═══ Material provided

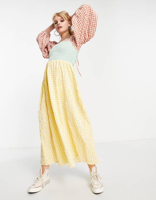 ASOS DESIGN – Gesmoktes Midikleid mit Vichykaro-Mustermix
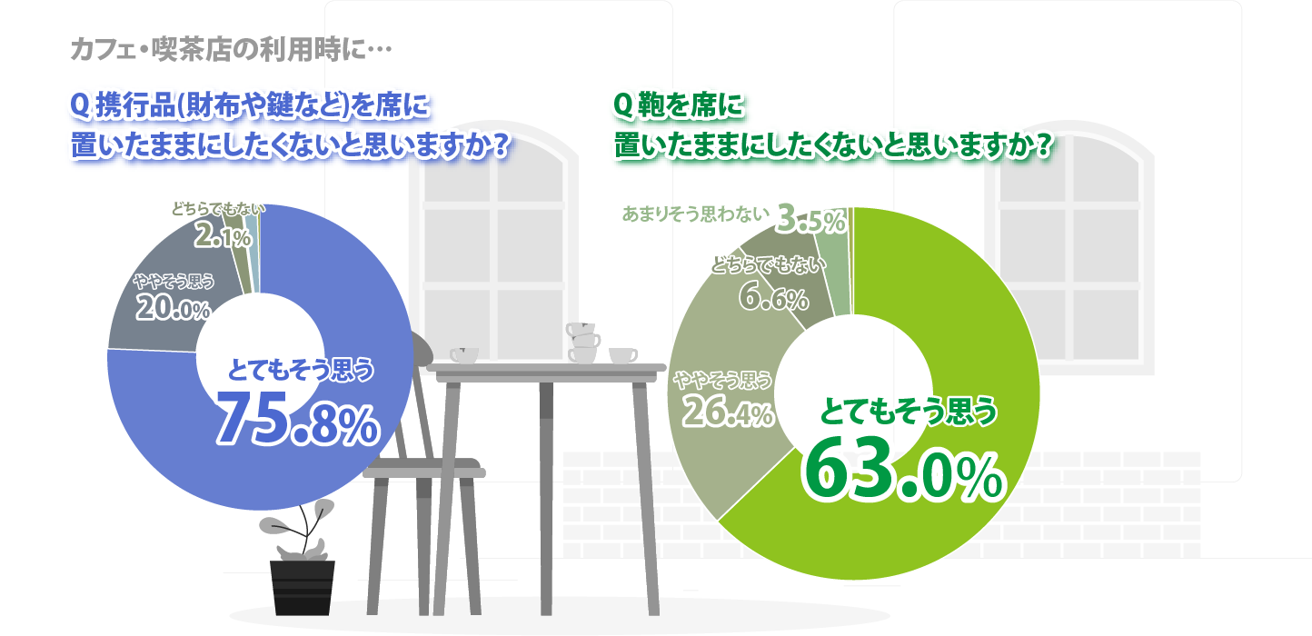 カフェや喫茶店を利用した際にトイレなどに立つ場合、紛失を心配して「携行品(財布や鍵など)を席に置いたままにしたくないと強く思う」人は75.8%でした。
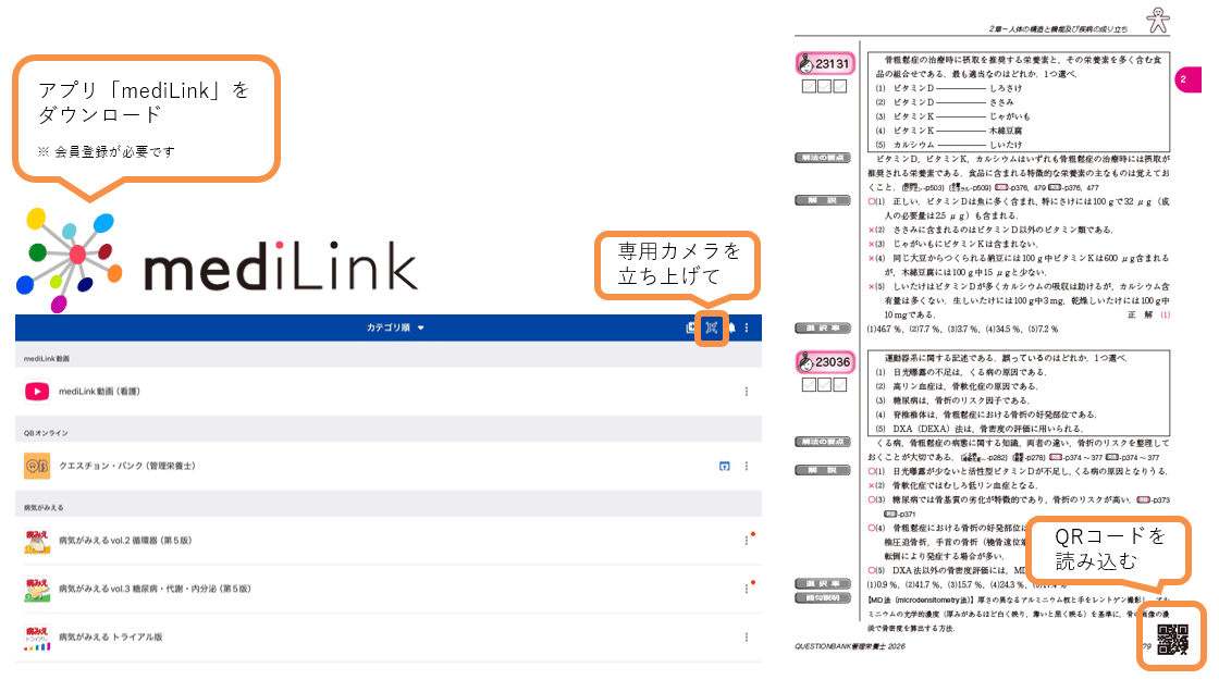 特典コンテンツを利用するために、弊社サービス「mediLink」にアカウント登録したうえで、『QB2026』付属のシリアルコードを登録する必要があります。

══════

Task details - Leaving aside every picture, transcribe exactly the lines that run from the one with "カフェや喫茶店を利用した際に" to the close of the listing above.

Result of the task -
 カフェや喫茶店を利用した際にトイレなどに立つ場合、紛失を心配して「携行品(財布や鍵など)を席に置いたままにしたくないと強く思う」人は75.8%でした。
 特典コンテンツを利用するために、弊社サービス「mediLink」にアカウント登録したうえで、『QB2026』付属のシリアルコードを登録する必要があります。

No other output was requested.